Figure 6. In human cells Maritigrella crozieri xenopsin forms a functional photopigment that predominantly couples to Gαi pathways.

(A,B) HEK293 cells were transfected with Glo22F and indicated opsins, + /- pertussis toxin, and exposed to light. In B, cells were treated with 2 µM forskolin prior to the light flash. (C) HEK293 cells were transfected with mtAequorin and the opsins indicated, + /- pertussis toxin, and exposed to light. Plots show mean luminescence of technical replicates (from one representative of three biological replicates) normalized to the pre-flash timepoint, + /- SEM. Error bars smaller than symbols are not shown. n = 3 technical replicates in A,B; n = 4 technical replicates in C. The other biological replicates are shown in Figure 6—figure supplement 2.

Figure 6—figure supplement 1. Immunofluorescence to quantify opsin expression in HEK293 cells.
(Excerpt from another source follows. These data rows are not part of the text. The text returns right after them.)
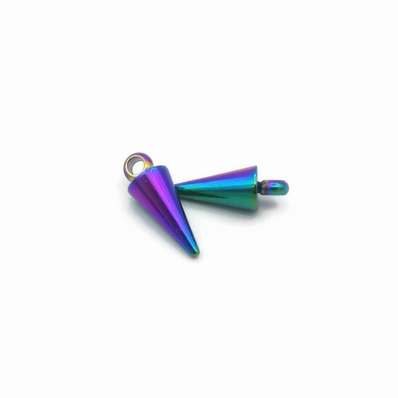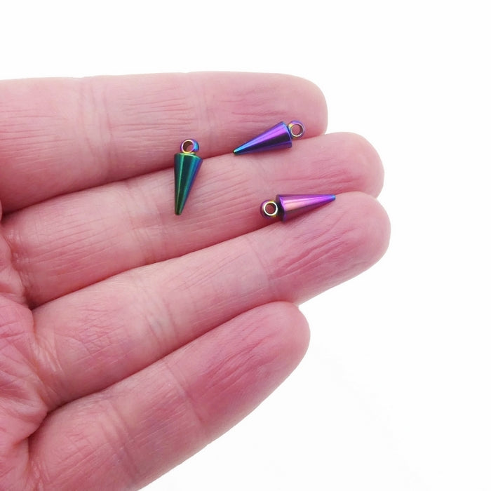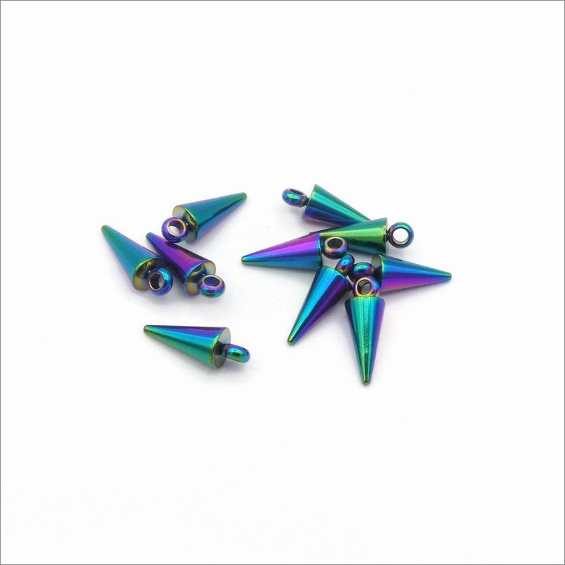 10 Rainbow Anodised Stainless Steel 13mm Cone Spike Charms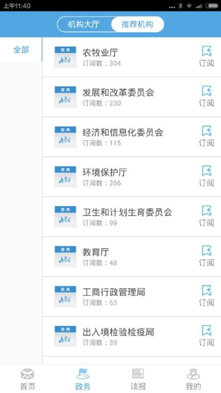 关注部门机构,想要时刻了解政务信息的话则可以自主的关注当地的各个机构部门;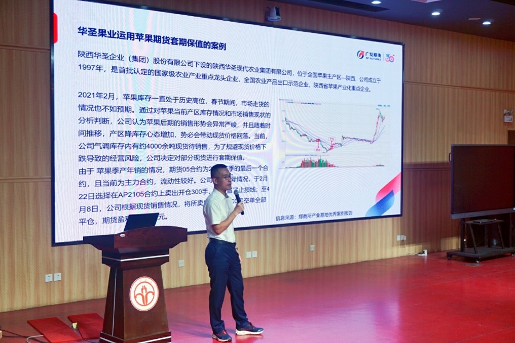 周总以企业运用期货工具管理风险为题,对风险管理公司如何使用期货帮助客户规避营运风险展开详细的介绍。首先,通过使用一系列数据和法律条例,回顾期货市场的发展变化,分析了具有中国特色的现代期货市场的特点,并展望了市场发展的巨大潜力。随后,基于套期保值、基差交易、“订单+期货”三个案例,生动讲解期货在农产品生产、销售、乡村振兴中的灵活应用,并详细介绍风险管理公司的主要业务。最后,立足乡村振兴政策,详细介绍“保险+期货”模式在降低风险方面发挥的巨大作用,强调期货市场健康发展的重要性。在互动环节中,同学们纷纷就期货投资风险、期货投资策略、期货从业人员素质要求等问题与周总进行了深入交流。

Cells were transfected with opsins, fixed, stained with 1D4 anti-rod opsin antibody and fluorescent secondary antibody, and imaged on a fluorescent microscope. (A) Representative images of cells expressing each opsin and control (scale = 10 µm). (B) Quantification of integrated fluorescence intensity (minus background) for ten randomly selected fields from each sample, normalized to mean of no-opsin control, with mean and SEM. ANOVA and Dunnett’s multiple comparison test show significant differences between no opsin control and positive opsin conditions (*<0.05*, *<0.01). Mc xenopsin (Maritigrella crozieri xenopsin), Hs rod opsin (human rhodopsin), Hs melanopsin (Human melanopsin), JellyOp (Carybdea rastonii jellyfish opsin), SEM (standard error of the mean).

Figure 6—figure supplement 2. Two further biological replicates of the secondary messenger assays show there was quantitative variation from day to day in the magnitude of responses to light and forskolin, but the qualitative response of each opsin was consistent (excluding one replicate in which rod opsin showed no activity, possibly due to a faulty preparation of plasmid DNA).